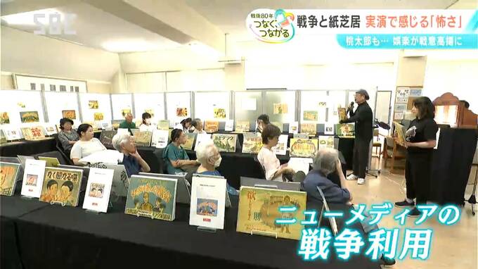 1930年に誕生したという街中で演じられる紙芝居。テレビのない時代に圧倒的な娯楽となっていきました。そうした「ニューメディア」が戦争に利用されたことに、塚原さんは警鐘を鳴らします。
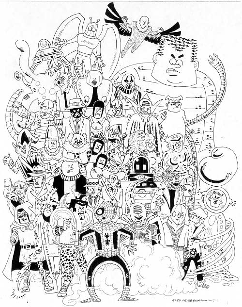 I’ve been a big fan of Fred’s work for years now–those HEMBECK collections, published primarily by FantaCo, exposed me to all sorts of characters and comics from the dim past of the 1960s that I’d never encountered before, albeit all filtered through Fred’s particular vision. And beyond that, there was something about his viewpoint that I liked. I could certainly relate to his background, also being a comic book reader growing up on Long Island in New York. One of Fred’s favorite runs is the early AMAZING SPIDER-MAN as drawn by Steve Ditko, and this piece seems to be almost something of a take on a pin-up Ditko had done showcasing pretty much his entire cast up till that time. (I’ve included the Hembeck recreation of that pin-up to the left as well.)
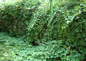 自然生态工法是利用镀10%铝锌金属网固定滚石,使植物基材稳定的同时,特殊肥料袋能提供长期肥效,所以在岩盘、山崖等无土壤的边坡上实现植生生长,达到自然景观效果。 |
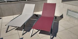 Tumbonas de color gris y burdeos con cojines enrrollables marca Hesperide. Aluminio. Se puede abatir en 5 posiciones. Son apilables para que sea más cómodas de guardar y sus medidas son de 2 m largo x 36 cm de alto x 80 cm de ancho. Solo pesa 5 kg. Precio nuevas con cojín 140 € cada una (280€)
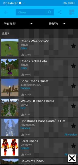 4、如果混沌模组没有用就把它的资源包和行为包放到最上面。你学会了吗?第一张图是混沌模组搜在这个软件里搜索Chaos第一个。
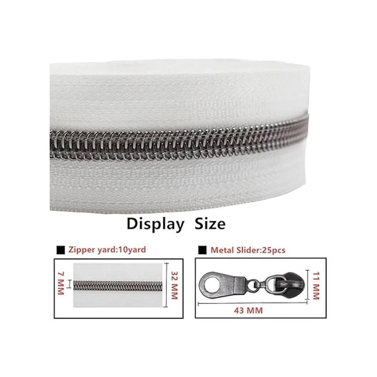 Cantidad: cremalleras continuas de 10 yardas y 25 tiradores a juego

- - -

▶ **Problem to work on**: From the first record to the last, retype everything exactly except the images.

▶ **Task result**:
 1930年に誕生したという街中で演じられる紙芝居。テレビのない時代に圧倒的な娯楽となっていきました。そうした「ニューメディア」が戦争に利用されたことに、塚原さんは警鐘を鳴らします。
 I’ve been a big fan of Fred’s work for years now–those HEMBECK collections, published primarily by FantaCo, exposed me to all sorts of characters and comics from the dim past of the 1960s that I’d never encountered before, albeit all filtered through Fred’s particular vision. And beyond that, there was something about his viewpoint that I liked. I could certainly relate to his background, also being a comic book reader growing up on Long Island in New York. One of Fred’s favorite runs is the early AMAZING SPIDER-MAN as drawn by Steve Ditko, and this piece seems to be almost something of a take on a pin-up Ditko had done showcasing pretty much his entire cast up till that time. (I’ve included the Hembeck recreation of that pin-up to the left as well.)
 自然生态工法是利用镀10%铝锌金属网固定滚石,使植物基材稳定的同时,特殊肥料袋能提供长期肥效,所以在岩盘、山崖等无土壤的边坡上实现植生生长,达到自然景观效果。 |
 Tumbonas de color gris y burdeos con cojines enrrollables marca Hesperide. Aluminio. Se puede abatir en 5 posiciones. Son apilables para que sea más cómodas de guardar y sus medidas son de 2 m largo x 36 cm de alto x 80 cm de ancho. Solo pesa 5 kg. Precio nuevas con cojín 140 € cada una (280€)
 4、如果混沌模组没有用就把它的资源包和行为包放到最上面。你学会了吗?第一张图是混沌模组搜在这个软件里搜索Chaos第一个。
 Cantidad: cremalleras continuas de 10 yardas y 25 tiradores a juego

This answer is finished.